Dark Star has become a more frequent visitor to the pressbox this summer, and typically regales anyone within ear shot on his thoughts for the day along with various stories of days gone by in Shakopee.

Typically, he’ll spread out a mid-day repast on a coffee table in front of him, generally some chicken, occasionally a salad, and maybe a pizza and pick at it throughout the afternoon, bantering all the while on subjects ranging from racing to the economy, to the Gulf oil slick _ what’s the viscosity of that stuff anyway; will it work in my lawn mower? _ to the President’s decision to put the space program in mothballs.

The Dark Man has been visiting the pressbox in Shakopee since the track opened in 1985 in a variety of capacities but initially as a newspaper handicapper. He is one of only two media figures in the track’s Hall of Fame and is willing to finance a European tour for the first person to submit the name of the other….but we digress.

“You know,” the Dark Man said following a bite of pepperoni. “If I wasn’t doing what I’m doing now, I think I’d make a pretty good televangelist.”

That opened the way for a thesis on TV gospel guys such as Jimmy Swaggert and others who have gone astray while trying to lead their followers down a narrow, unwavering path.

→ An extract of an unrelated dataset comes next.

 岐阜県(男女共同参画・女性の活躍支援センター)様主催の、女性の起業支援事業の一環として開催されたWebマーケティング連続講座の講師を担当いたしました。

Swaggert’s display of human frailty was with a woman of the world described by the Dark Man as the ugliest ever to work her profession. But it was his public confession afterward that confounded the Dark Man.

“You know, breaking down on TV like he did. Crying right there on the tube was dumb,” Dark averred. “He lost a ton of money. I don’t get it.”

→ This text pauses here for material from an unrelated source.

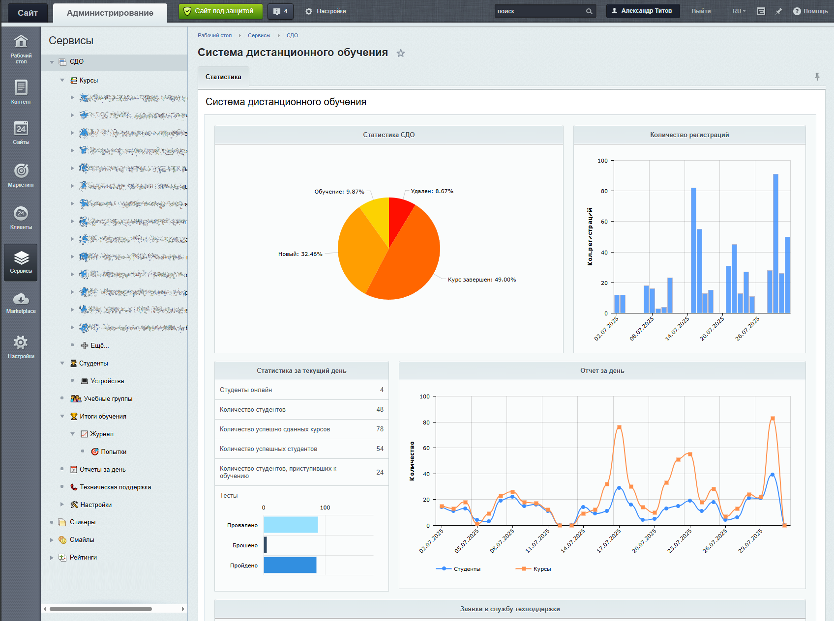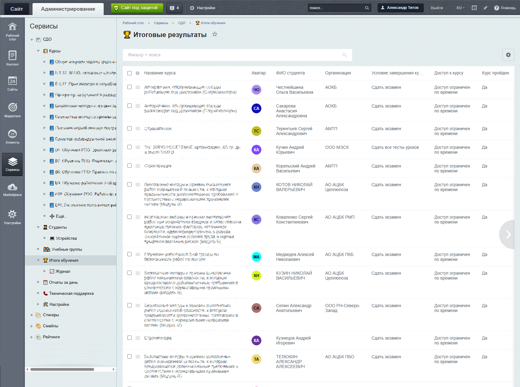 <p>Система дистанционного обучения (СДО) — это мощное и гибкое решение для организации образовательного процесса в онлайн-формате. Она объединяет в себе инструменты управления курсами, тестированием, аналитикой и доступом, обеспечивая удобную и эффективную среду обучения.</p><p><b>Основные возможности</b></p><p></p><ul><li><b>Организация курсов</b>: управление курсами, уроками и тестами, возможность создания сложных учебных планов с ограничением доступа по времени или группе пользователей.<br /><li><b>Тестирование и экзамены</b>: гибкие настройки (ограничение попыток, проходной балл, временные рамки), самопроверка, добавление подсказок, проверка вопросов и многое другое по управлению тестами.<br /><li><b>Гибкое управление доступом</b>: настройка прав на индивидуальном и групповом уровнях.<br /><li><b>Отчеты и аналитика</b>: статистика успеваемости, прогресса и результатов обучения.<br /><li><b>Адаптивный дизайн</b>: удобный доступ с любых устройств благодаря современному интерфейсу.<br /></ul><p></p><p><b>Особенности пользовательского интерфейса</b></p><p></p><ul><li><b>Компонент</b>: может работать как стандартный компонент, интегрируемый в портал.<br /><li><b>PWA-приложение</b>: поддержка прогрессивного веб-приложения (PWA) обеспечивает удобство работы на мобильных и настольных устройствах.<br /></ul><p></p><p><b>Преимущества</b></p><p></p><ul><li><b>Гибкость и масштабируемость</b>: система адаптируется как для небольших групп пользователей, так и для крупных организаций, обеспечивая эффективное управление образовательным процессом.<br /><li><b>Персонализация</b>: широкие возможности настройки позволяют адаптировать систему под конкретные требования и уникальные образовательные сценарии.<br /></ul><p></p><p><b>Целевое применение</b></p><p></p><ul><li>Корпоративное обучение<br /><li>Образовательные учреждения<br /><li>Онлайн-школы и курсы<br /><li>Компании, предоставляющие образовательные услуги<br /></ul><p></p><p>Система обеспечивает полный цикл дистанционного обучения от создания курсов до контроля знаний и анализа результатов, с возможностью гибкой настройки под конкретные задачи организации.</p>

When a bystander suggested that 75 percent of Swaggert’s followers bought the whole thing, hook, line and sinker, Dark grabbed that assertion firmly by the throat and responded:”Yeah, they’re mostly old people who never go out of doors.”

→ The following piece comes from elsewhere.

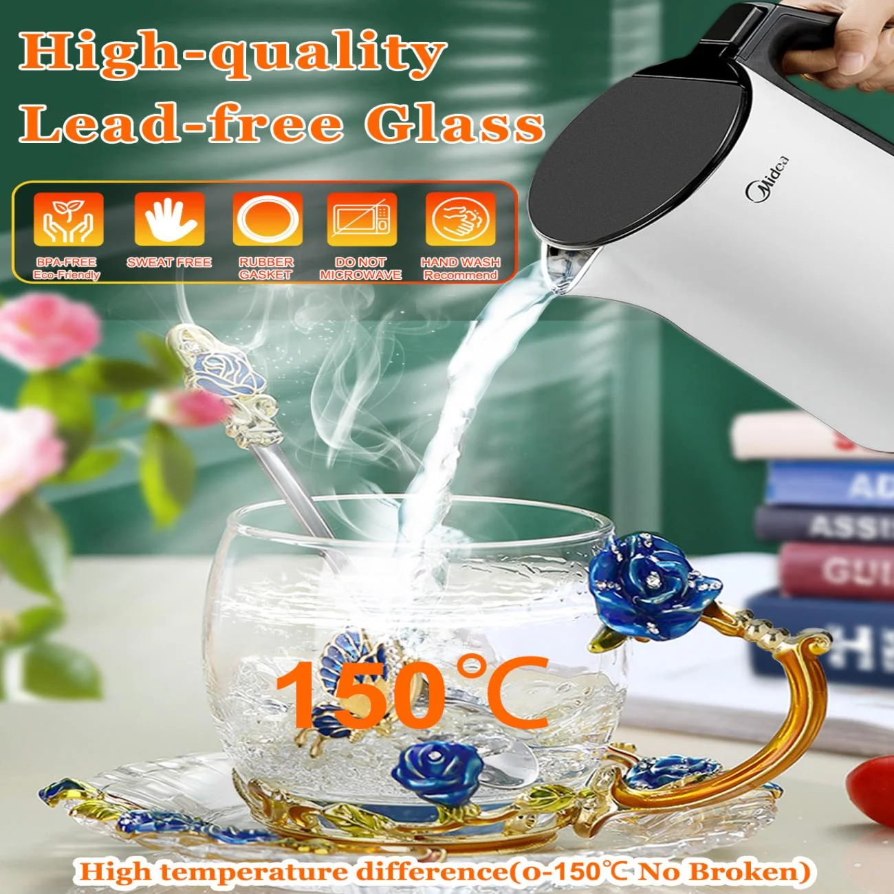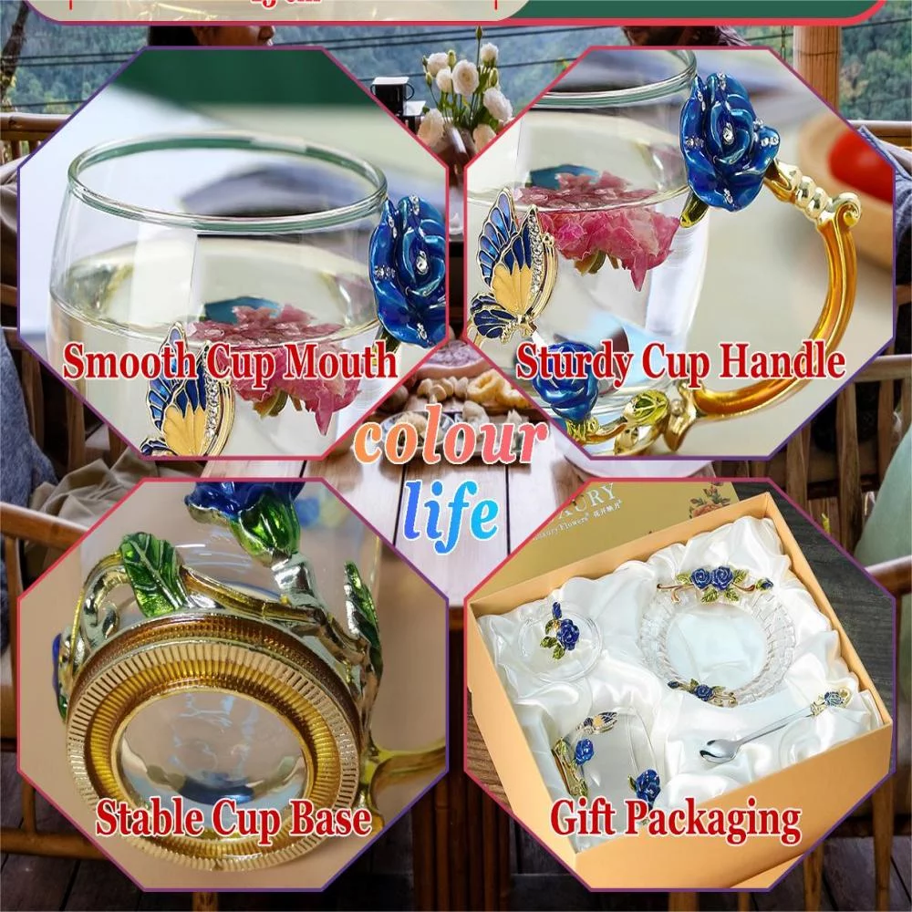 Glass Tea Cup Coffee Cup, Enamel Colored Handmade 3d Vintage Flower Cup with Lid, Coaster and Spoon, Unique Blue Rose Enamel Design, Heat-Resistant Tea Cup Crystal Glass Gift Set (320ml)

Dark got off to a good start Saturday, going two-for-four through race four, with Lori Keith bringing in K D La Brew in the first race and Scott Stevens doing the same on Man o’ Wonder in the fourth.

Stevens became only the second thoroughbred rider this week_ Dean Butler was the other _ to ride two winners on the same card after taking Carson’s Honor gate to wire at 8-5 in race six.
Kevin Gorg, America’s most beloved public handicapper, gushed afterwards: “Easiest 80 bucks I ever made in my life. I got everything back (that he lost earlier) on Belmont.”

Perusing the upcoming fare at that point, the Dark Man suggested to media mogul Jeff Maday that the two of them repair to the out of doors for a good luck smoke, which they did without hesitation.

Saturday was perhaps the quietest, most uneventful afternoon of the meet, but the Dark Man begged to differ.

“No there was another day earlier in the meet,” he said. “But this is bad, no doubt. Don’t forget, though, tomorrow is Father’s Day. Everyone’s gearing up for that.”

Thoroughbreds were not the only thing on the Dark Man’s mind on Saturday. He planned a trip to Nordstrom’s at Mall of America to pick up a pair of shoes.

Dark had returned the shoes through the store to the cobbler in Florence, Italy, four months ago for a refurbishing after about 12 years of active duty.

The shoes are made by Santorini and many people are willing to pay the $300 for refurbishing rather than cough up the $450 they go for in today’s market. “Besides, the good thing is that they’re broken in and real comfortable,” Dark added. “You’d have to break in a new pair.”
This particular pair was an off cordovan color that the Dark Man has become increasingly more fond of since their purchase.

He owns a second pair of the same brand in a very attractive off mauve color. “Real popular in San Francisco and Loring Park,” Dark said.

The Dark Man suggested that the shoes might have lasted another year or two before they needed repair except for his addiction. “You have to step out of doors in the winter if you’re a smoker, and that salt is murder on the stitching in these shoes.”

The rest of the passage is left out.